The ingredient to whom in the formula reflects the recipient. The information that is to be conveyed must be target group-oriented, because the characteristics of the recipient are determined by numerous characteristics: demographic (age, gender, marital status), geographical (place of residence), socio-economic (household size, income, education, occupation), psychographic (interests, purchase intention, lifestyle, attitude) and behavioral characteristics (purchase quantity, purchase frequency, media use).

The effect of information content on the recipient is shown in the last component of the formula with what effect? he asks. It is important to consider the emotional perspectives and triggers when determining the effect.

The three-part Organon model of the language by Karl Bühler (1933) was similar in approach . Roman Jakobson proposed a six-part communication model as the basis for structuralist literary studies (1960). Friedemann Schulz von Thun popularized a four-part model as a 4-sided model or communication square in Germany.

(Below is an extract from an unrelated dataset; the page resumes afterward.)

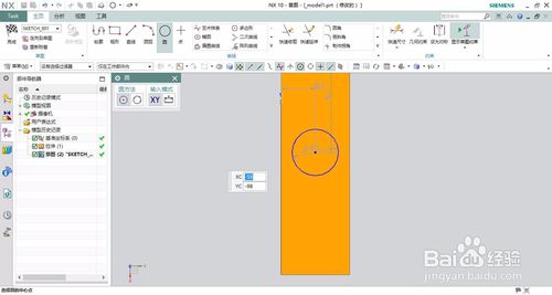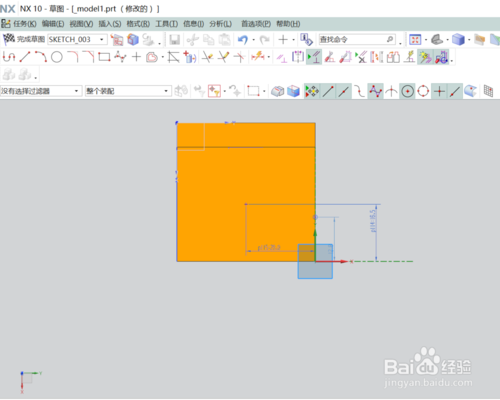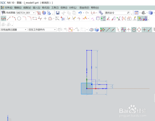 这草绘页面将会是使用这软件经常进入的页面之一,熟悉这里非常重要。使用工具栏里的相应工具大概绘出截面线(尺寸接近就行),然后双击要修改的尺寸数,更改为正确的尺寸。点击左上角的完成草图,退出草绘进入建模页面。
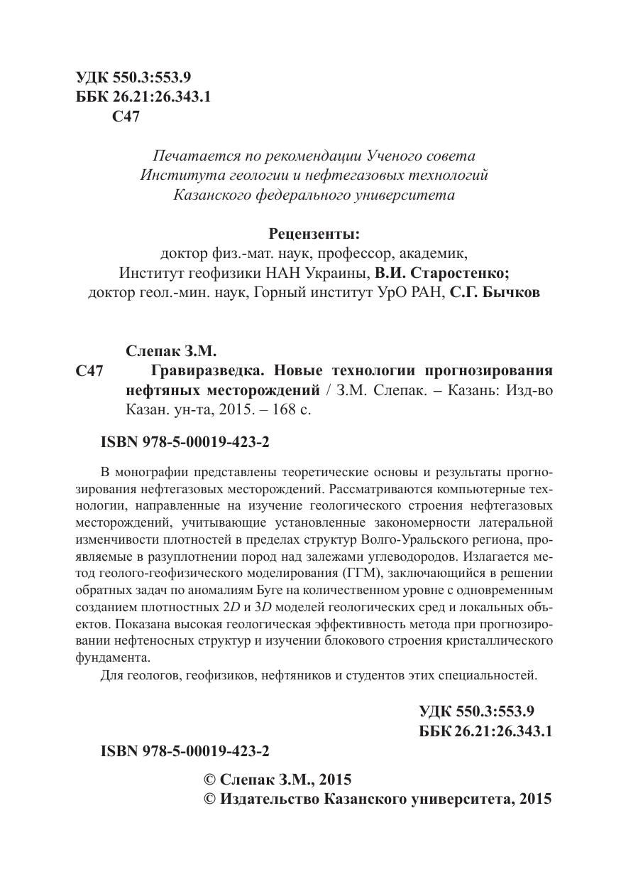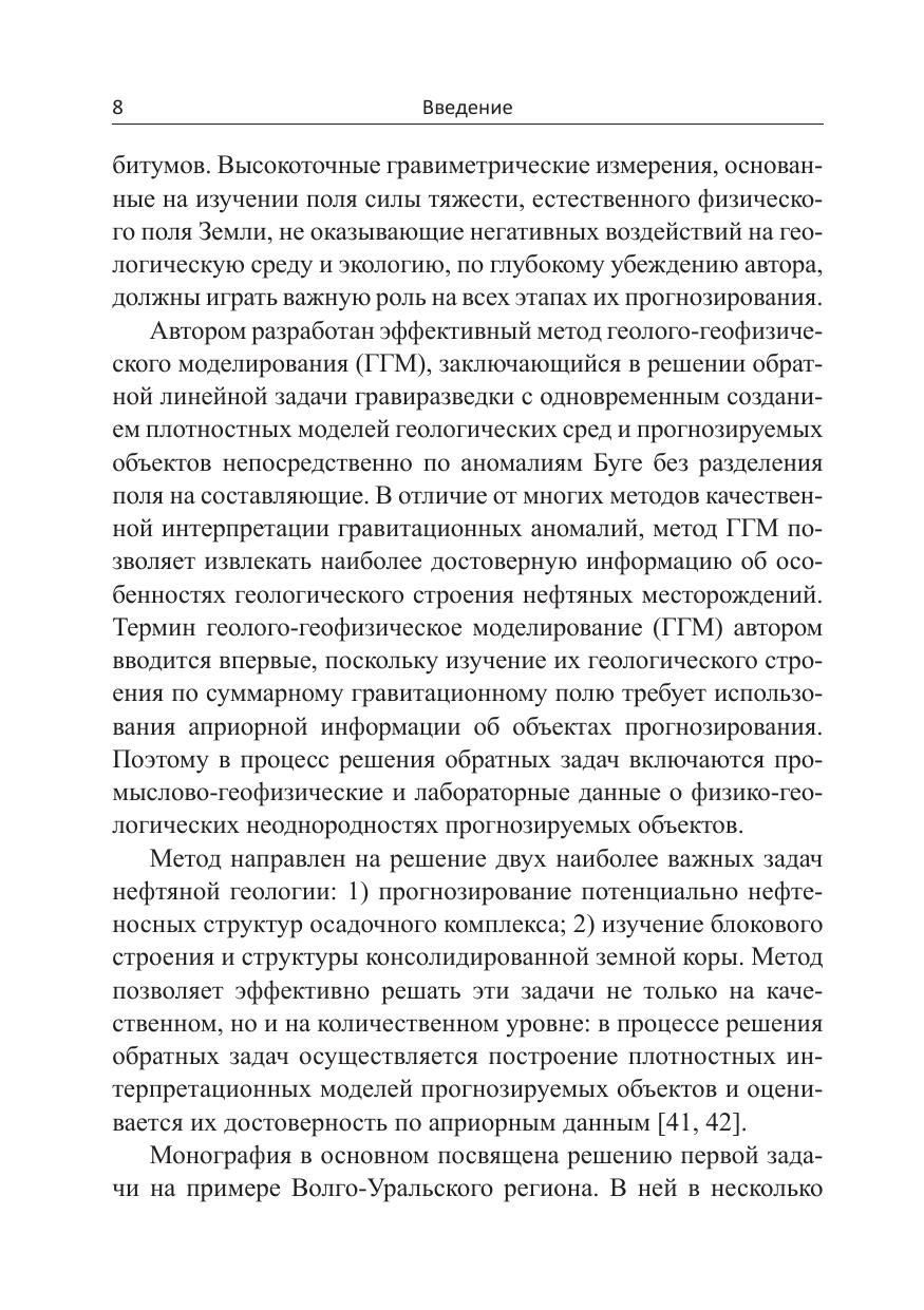 В монографии представлены теоретические основы и результаты прогнозирования нефтегазовых месторождений. Рассматриваются компьютерные технологии, направленные на изучение геологического строения нефтегазовых месторождений, учитывающие установленные закономерности латеральной изменчивости плотностей в пределах структур Волго-Уральского региона, проявляемые в разуплотнении пород над залежами углеводородов. Излагается метод геолого-геофизического моделирования (ГГМ), заключающийся в решении обратных задач по аномалиям Буге на количественном уровне с одновременным созданием плотностных 2D и 3D моделей геологических сред и локальных объектов. Показана высокая геологическая эффективность метода при прогнозировании нефтеносных структур и изучении блокового строения кристаллического фундамента.

Since the model does not take into account feedback from the recipients, this is a unidirectional model. The strong differentiation of the research areas also obscures possible connections between them. This is countered by the fact that the critics misunderstand the Lasswell formula as a communication model. The formula has didactic and heuristic value to this day.

The Lasswell formula comes from mass media research, which, as an impact-oriented communication-science approach, determined the theoretical debate up until the 1960s.


See also

Individual evidence

  1. Otfried Jarren, Hein Bonfadelli (Ed.): Introduction to Communication Studies . Haupt, Stuttgart, Bern, Vienna 2001, ISBN 3-8252-2170-9 , pp. 27 .
  2. ^ Klaus Beck : Lasswell formula. In: Günter Bentele ; Hans-Bernd Brosius; Otfried Jarren (Ed.): Lexicon of communication and media studies. 2nd edition Springer Fachmedien, Wiesbaden 2013, ISBN 978-3-531-93431-0 , p. 182
  3. E. Schön: Buchnutzungsforschung In: Buchwissenschaft and book effects research. VIII. Leipzig University Days for Media and Communication , Kerlen, Kirste (Ed.), 2000, p. 119.